MADRID – Jurnalis ternama asal Spanyol, Guillem Balague, memberikan analisisnya terkait keputusan Mikel Arteta mencoret Mesut Ozil dari skuad Arsenal di musim 2020-2021. Balague percaya bahwa dukungan Ozil kepada muslim Uighur bukan jadi alasan Arteta mendepak dari skuad asuhannya.

Sebagaimana diketahui, Ozil memang tengah menjadi topik hangat dalam beberapa hari terakhir. Apalagi kalau bukan dicoretnya nama Ozil dari skuad Arsenal di Liga Inggris dan Liga Eropa 2020-2021 yang menjadi penyebab utamanya.

Keputusan Arteta tersebut sendiri memang menimbulkan beragam pertanyaan dari banyak pihak. Beberapa spekulasi mengenai alasan utama Arteta mencoret Ozil dari skuad Arsenal di musim ini mulai bertebaran.


Salah satunya adalah Ozil dicoret oleh manajemen Arsenal sebagai pemain mereka, lantaran menyerukan dukungannya kepada muslim Uighur. Hal tersebut memang sempat membuat Arsenal rugi, lantaran kehilangan hak siarnya di China.

Akan tetapi manajemen Arsenal menegaskan bahwa sikap politik Ozil tersebut bukan alasan Arteta mencoretnya. Balague pun nampaknya menjadi sosok yang percaya bahwa dukungan Ozil kepada muslim Uighur bukan penyebab dirinya dicoret dari skuad Arsenal musim ini.

“Saya menemukan kalau anggapan Ozil tersingkir karena dukungan politiknya itu sengaja dibuat dan menggampangkan. Dia sudah pernah bermain dan dipanggil sejak dirinya berkomentar soal China dan Muslim Uighur,” jelas Balague, seperti disadur dari BBC Sport, Sabtu (24/10/2020).
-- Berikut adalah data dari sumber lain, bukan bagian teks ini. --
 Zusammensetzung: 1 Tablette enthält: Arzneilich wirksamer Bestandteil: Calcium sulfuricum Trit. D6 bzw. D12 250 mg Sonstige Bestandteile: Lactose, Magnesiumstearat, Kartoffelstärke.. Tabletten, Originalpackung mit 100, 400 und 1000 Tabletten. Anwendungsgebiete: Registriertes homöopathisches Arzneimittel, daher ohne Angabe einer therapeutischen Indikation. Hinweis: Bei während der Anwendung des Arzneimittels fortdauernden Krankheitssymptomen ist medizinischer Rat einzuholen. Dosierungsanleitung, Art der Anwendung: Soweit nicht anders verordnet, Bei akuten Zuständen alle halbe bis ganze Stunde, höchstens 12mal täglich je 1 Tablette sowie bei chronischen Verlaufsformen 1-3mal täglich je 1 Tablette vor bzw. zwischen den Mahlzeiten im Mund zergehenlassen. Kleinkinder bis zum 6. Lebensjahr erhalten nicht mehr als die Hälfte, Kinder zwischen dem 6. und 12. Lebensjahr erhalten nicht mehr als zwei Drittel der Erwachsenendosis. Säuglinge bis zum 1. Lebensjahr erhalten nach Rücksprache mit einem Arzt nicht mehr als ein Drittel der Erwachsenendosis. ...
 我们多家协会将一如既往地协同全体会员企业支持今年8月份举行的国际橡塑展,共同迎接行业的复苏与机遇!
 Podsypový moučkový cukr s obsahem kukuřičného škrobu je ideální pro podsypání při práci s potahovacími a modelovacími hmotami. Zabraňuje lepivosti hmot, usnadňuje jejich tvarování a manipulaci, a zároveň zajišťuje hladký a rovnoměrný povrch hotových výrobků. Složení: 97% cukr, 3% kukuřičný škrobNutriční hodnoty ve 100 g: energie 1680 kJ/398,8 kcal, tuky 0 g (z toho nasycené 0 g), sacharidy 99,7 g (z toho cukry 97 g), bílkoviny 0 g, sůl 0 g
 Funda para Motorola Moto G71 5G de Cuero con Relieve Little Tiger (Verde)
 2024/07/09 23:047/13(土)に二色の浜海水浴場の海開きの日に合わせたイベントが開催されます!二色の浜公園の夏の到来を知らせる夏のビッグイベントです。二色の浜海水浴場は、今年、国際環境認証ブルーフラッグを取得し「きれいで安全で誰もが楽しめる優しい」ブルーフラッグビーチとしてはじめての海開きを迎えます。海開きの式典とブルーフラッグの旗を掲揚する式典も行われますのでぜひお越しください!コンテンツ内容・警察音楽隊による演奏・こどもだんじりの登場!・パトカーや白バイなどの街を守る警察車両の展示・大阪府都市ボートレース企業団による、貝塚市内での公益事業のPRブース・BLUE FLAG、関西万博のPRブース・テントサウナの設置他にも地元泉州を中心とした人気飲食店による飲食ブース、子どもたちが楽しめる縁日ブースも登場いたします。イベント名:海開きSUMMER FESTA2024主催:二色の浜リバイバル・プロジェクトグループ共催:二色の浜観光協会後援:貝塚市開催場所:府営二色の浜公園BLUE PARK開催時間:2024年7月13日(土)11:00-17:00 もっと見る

“Anda mesti melihat gambaran besarnya dalam istilah sepakbola. Mengapa dua manajer terakhir di Arsenal tampak sangat kesulitan memainkannya? Dia berbakat, itu tidak diragukan lagi, tapi bakat saja tak cukup di level elit,” lanjutnya.

“Anda harus berkomitmen, memiliki minat besar, mengikuti instruksi di lapangan, bekerja keras dalam latihan dan saat bertanding, baik dengan bola atau tanpa bola, lalu percaya kepada grup dan pemimpin. Semua itu mutlak diperlukan.”
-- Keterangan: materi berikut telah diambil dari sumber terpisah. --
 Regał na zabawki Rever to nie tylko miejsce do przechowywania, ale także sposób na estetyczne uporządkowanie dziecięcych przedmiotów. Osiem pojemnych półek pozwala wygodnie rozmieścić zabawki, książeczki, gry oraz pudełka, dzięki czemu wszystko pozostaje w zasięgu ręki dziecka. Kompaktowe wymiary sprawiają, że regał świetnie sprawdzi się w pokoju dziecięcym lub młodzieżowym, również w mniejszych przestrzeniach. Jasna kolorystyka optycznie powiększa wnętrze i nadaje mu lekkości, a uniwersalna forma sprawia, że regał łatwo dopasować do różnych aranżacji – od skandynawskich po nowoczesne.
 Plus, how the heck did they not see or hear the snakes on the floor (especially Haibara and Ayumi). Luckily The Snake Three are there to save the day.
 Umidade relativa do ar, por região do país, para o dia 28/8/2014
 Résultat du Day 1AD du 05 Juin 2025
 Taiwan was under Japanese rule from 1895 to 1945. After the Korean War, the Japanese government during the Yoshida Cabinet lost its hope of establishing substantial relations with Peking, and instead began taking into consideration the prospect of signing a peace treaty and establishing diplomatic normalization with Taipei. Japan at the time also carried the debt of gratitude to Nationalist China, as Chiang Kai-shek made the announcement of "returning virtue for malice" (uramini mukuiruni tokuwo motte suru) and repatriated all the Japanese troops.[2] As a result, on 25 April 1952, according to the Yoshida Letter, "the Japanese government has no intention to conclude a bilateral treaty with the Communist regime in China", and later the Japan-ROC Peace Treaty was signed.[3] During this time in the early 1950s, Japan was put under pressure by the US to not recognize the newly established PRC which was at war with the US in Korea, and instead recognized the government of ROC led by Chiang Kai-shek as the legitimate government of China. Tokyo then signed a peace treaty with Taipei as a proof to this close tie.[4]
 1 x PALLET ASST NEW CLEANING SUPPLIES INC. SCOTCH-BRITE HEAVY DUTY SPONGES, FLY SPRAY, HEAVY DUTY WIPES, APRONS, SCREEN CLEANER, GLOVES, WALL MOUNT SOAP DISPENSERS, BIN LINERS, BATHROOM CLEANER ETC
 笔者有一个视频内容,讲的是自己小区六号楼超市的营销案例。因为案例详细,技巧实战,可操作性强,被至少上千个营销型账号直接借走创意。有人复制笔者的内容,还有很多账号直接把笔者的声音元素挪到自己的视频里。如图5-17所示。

“Sangat mudah untuk mempengaruhi penggemar Arsenal dengan menuding ada agenda tersembunyi di sini, tapi mengapa dua manajer sebelumnya memilih berjalan terus melakukan yang terbaik untuk tim mereka dengan meninggalkan Ozil? Apakah kebetulan mereka memiliki beberapa standar yang tidak cocok dengan Ozil?”
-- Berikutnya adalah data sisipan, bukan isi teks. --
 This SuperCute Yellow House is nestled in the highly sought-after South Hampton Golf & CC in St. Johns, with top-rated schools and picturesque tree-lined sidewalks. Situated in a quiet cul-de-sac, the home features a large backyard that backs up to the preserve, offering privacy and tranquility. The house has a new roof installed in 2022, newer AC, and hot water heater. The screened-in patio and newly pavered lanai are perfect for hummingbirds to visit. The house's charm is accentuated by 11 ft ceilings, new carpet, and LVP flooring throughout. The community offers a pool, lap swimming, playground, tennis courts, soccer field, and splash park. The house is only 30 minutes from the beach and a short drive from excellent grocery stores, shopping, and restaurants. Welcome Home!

“Saya menilai Ozil harus melihat ke dirinya sendiri dan jujur dengan apa yang dilihatnya. Ozil tak mampu memberikan pengaruh di pertandingan secara teratur, hingga manajer sekarang merasa bahwa yang terbaik buat tim adalah meninggalkannya dari skuad Liga Inggris dan Liga Eropa,” tutup Balague.






Sumber : okezone.com

No comments

Powered by Blogger.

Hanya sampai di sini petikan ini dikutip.